The textbook contains an example of a tree written in Newick format, which we will reproduce below (with some minor edits to make it work in Jupyter format, you're welcome). Before we start, make sure you've read Section 4.2.1 of the textbook.

In [47]:
##Import the relevant packages
from Bio import Phylo

##Save example as treefile
tree_content = "((A,B),(C,D));"
output_file = "tree.txt"

with open(output_file, "w") as tree_file:
    tree_file.write(tree_content)

##Visualise tree
tree = Phylo.read("tree.txt","newick")
Phylo.draw_ascii(tree)

                                        _____________________________________ A
  _____________________________________|
 |                                     |_____________________________________ B
_|
 |                                      _____________________________________ C
 |_____________________________________|
                                       |_____________________________________ D



**Run the code block. What do you notice about the tree?**

\---------------------------
You can add your answer in this text box.
\---------------------------

This is a great representation of how the sequences are related, but it doesn't include any information on weighting. Weighting is a way of drawing a tree that takes into account how similar two sequences are; this is why two sequences that are close together have short branches and two sequences that are very different have long branches. Newick format can also take this information into account.

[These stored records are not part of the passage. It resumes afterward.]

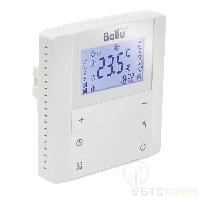 Многофункциональный цифровой программируемый терморегулятор (термостат) BALLU BDT-1 предназначен для поддержания заданной температуры в помещении, применяется совместно с климатической техникой – обогревателями, охлаждающими приборами, вентиляционным оборудованием. _x000D__x000D_Терморегулятор может работать в ручном, временном или полностью автоматическом режимах и позволяет устанавливать индивидуальную температуру для разных периодов времени для рабочих и выходных дней. Прибор оснащен большим жидкокристаллическим экраном с подсветкой. Максимальная коммутируемая нагрузка 16 А (~3,6 кВт). _x000D__x000D_Отличительные особенности_x000D__x000D_. Большой ЖК экран с подсветкой_x000D_. Простое удобное управление_x000D_Высокая точность 0,5 С_x000D_. Индикация времени 24 часа. _x000D_Программирование по дням недели и времени суток_x000D_Автоматический, полуавтоматический и ручной режим работы_x000D_. Управляет обогревателями и охлаждающими приборами_x000D_. Подключение до 16 А (3,6 кВт)_x000D_
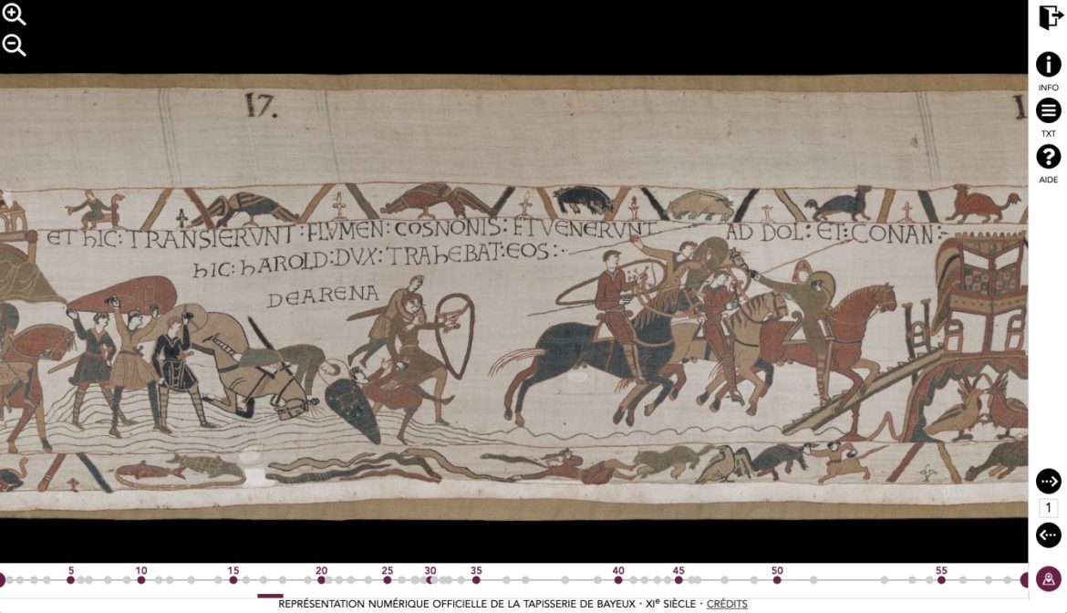 「マティルド王妃のタペストリー」とも呼ばれるこの長大な刺繍を全て詳細に閲覧できるサイトがある。バイユー博物館、ノルマンディ戦記念博物館、ジェラール男爵芸術歴史博物館からなる「3 Musées(3博物館の意)」の共同サイトが特別に開設しているもの。ここにある画像が、バイユーのタペストリーの公式デジタル画像だ。リンクはこちら。
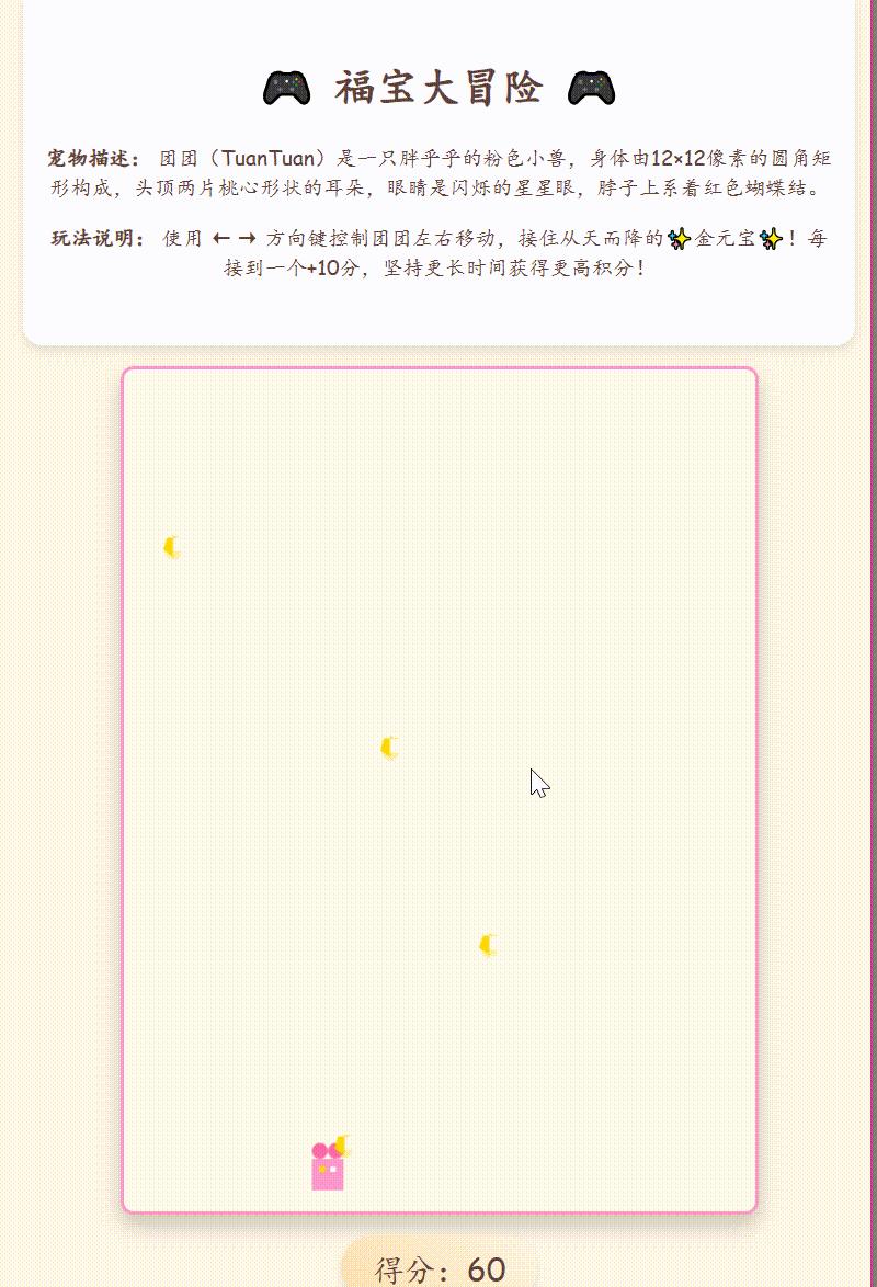 * **玩法说明:** 简要说明如何用左右箭头键移动宠物,目标是接住从上方掉落的“金元宝”(或其他像素物品),并显示得分。

There is some information on pairwise distance calculation in Section 4.2 of the textbook, but huge plot twist: we have actually ALREADY generated a weighted tree in Newick format! Look up above where you pasted the clustalw.dnd output - is it starting to look familiar? We're going to use the code block below to visualize it.

In [None]:
##Import the relevant packages
from Bio import Phylo

##Save example as treefile
newick_tree_string = "(\n  Sequence_1:0.24459,\n  Sequence_2:0.13636,\n  Sequence_3:0.13636\n);"
output_file = "weighted_tree.txt"

with open(output_file, "w") as tree_file:
    tree_file.write(newick_tree_string)

##Visualise tree
tree = Phylo.read("weighted_tree.txt","newick")
Phylo.draw_ascii(tree)

  __________________________________________________________________ Sequence_1
 |
_|____________________________________ Sequence_2
 |
 |____________________________________ Sequence_3



**What is the name for a node with more than two branches? What type of tree cannot have these nodes? Which sequence has the longest branch, and what does that mean?**

\---------------------------
You can add your answer in this text box.
\---------------------------

To establish branch lengths, you have to have a substitution model of evolution; basically, a set of *assumptions* you are willing to work under about how quickly a given site can be expected to change (these are sort of like a substitution matrix, but they include time as a variable). These are described in a lot more detail than you need to know in Section 4.3.2; the most important thing to remember here is that before we build a tree we have to select a substitution model, and there are programmes available (or integrated into the software you use like IQ-TREE2) that can help you select the best model.

##Part 3: Tree Searching and Evaluating Quality of a Phylogenetic Tree

So now we've figured out how to make a multiple sequence alignment and visualise / score a single phylogenetic tree. However, in real life we're usually working with many sequences, and very complex evolutionary relationships. There might be *many* potential trees, and very subtle differences between them which aren't always captured by that initial alignment and guide tree.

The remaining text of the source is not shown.